OP, you need to set your boundaries with your wife NOW. I'd tell her if you leave this house, never come back again. Well, I hope you realize that she has had sex with this OM already. But as others stated, refuse to be plan B and move on with your life if you two don't have any kids.


----------



## 6301 (May 11, 2013)

Keep your stupid fantasies in your head. You opened the door to this mess and now it's too late. Question. Where did you think you would fit in with this fantasy? She takes a boyfriend and you do what? Take pictures? Wax your carrot while she bangs him? She gets the thrills and you get the shaft. You got big time problems friend. She wants to go, let her and tell her don't bother coming back, then look in the mirror and you'll see who is the blame.


----------



## Mavash. (Jan 26, 2012)

Kick this one to the curb.

This ain't got nothing to do with any 'bug' your wife is a mean cheater.


----------



## tom67 (Oct 2, 2012)

Pack her stuff in garbage bags and drive her over to his place.
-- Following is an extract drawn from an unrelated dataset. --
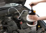 - Euro adaptér / uzávěr se našroubuje na hlavní brzdový válec a pak spojí hadičkou s přístrojem naplněným novou brzdovou kapalinou, pak se pumpováním zásobní nádržka natlakuje a čerstvá brzdová kapalina vytlačuje starou ze systému přes odvzdušňovací šroubky postupně na všech 4 na kolových brzdových jednotkách, na odvzdušňovací šroubek se vždy připojí hadička s nádobkou pro vytlačovanou brzdovou kapalinu
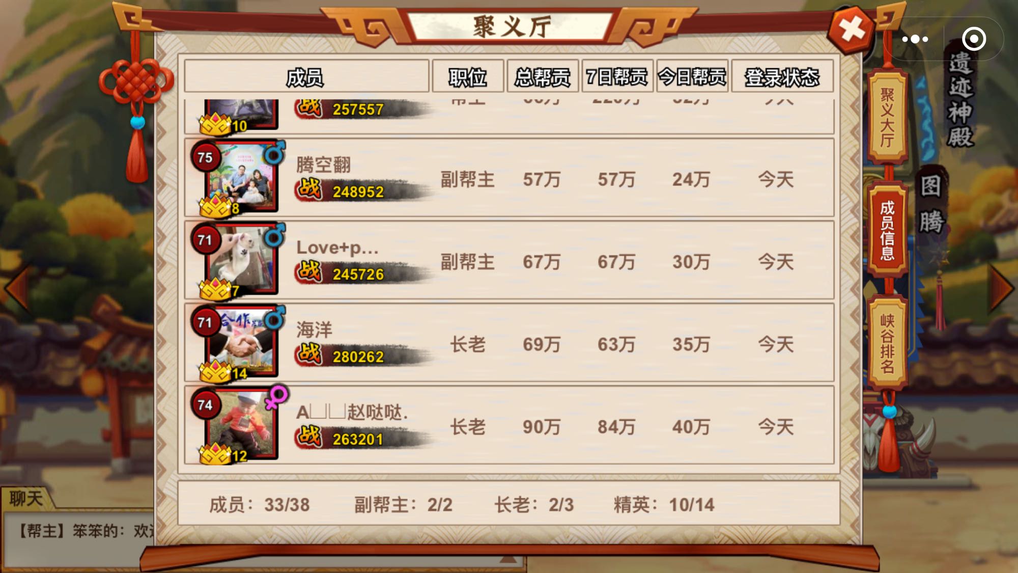 小程序1区21.7w 有没有通关光明顶得帮派招人,来个帮

Is the om married or have a gf? Time to find out.


----------



## dblkman (Jul 14, 2010)

6301 said:


> Keep your stupid fantasies in your head. You opened the door to this mess and now it's too late. Question. Where did you think you would fit in with this fantasy? She takes a boyfriend and you do what? Take pictures? Wax your carrot while she bangs him? She gets the thrills and you get the shaft. You got big time problems friend. She wants to go, let her and tell her don't bother coming back, then look in the mirror and you'll see who is the blame.


WOW kind of rough don't ya think? While the SO had a part to play in this he did not force her to cheat! Whether he opened the door or not you can best believe she would have most likely done the same exact thing had he kept the fantasy to himself. Her decision was NOT based on his fantasy it was based on her own despicable actions and selfish behavior.


----------



## 6301 (May 11, 2013)

dblkman said:


> WOW kind of rough don't ya think? While the SO had a part to play in this he did not force her to cheat! Whether he opened the door or not you can best believe she would have most likely done the same exact thing had he kept the fantasy to himself. Her decision was NOT based on his fantasy it was based on her own despicable actions and selfish behavior.
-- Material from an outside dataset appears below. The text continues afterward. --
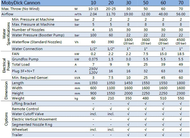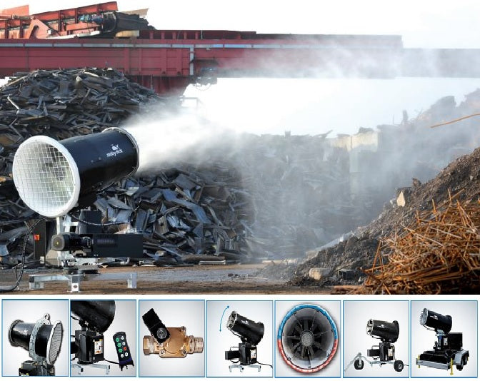 The MobyDick Dust Control Cannon offers companies from various industries a solution to their dust emissions. The Cannon Line offers a variety of proven standard solutions with throw ranges from 10 to 70 meters and is ideal for companies that need a quick and effective solution.

 Reread his thread. He said it was a sexual fantasy of "ours". He spelled it "hours" a typo". So he helped put the fantasy on the table and was willing to go along with it for what reason, I don't know. Yes she took it one step further and now is the time for the consequences. Now he's trying to put the genie back in the bottle. That's what happens sometimes when you make a fantasy reality.


----------



## barbados (Aug 30, 2012)

Your fantasy has been fulfilled, as she does now have a boyfriend, but unfortunately for you it does not include a husband. Be careful what you wish for. 

Very hard on any relationship when you start bringing in other people, unless you have an outright open marriage or are swingers.


----------



## Thound (Jan 20, 2013)

1 post and gone. Makes me go hhmm. :scratchhead:


----------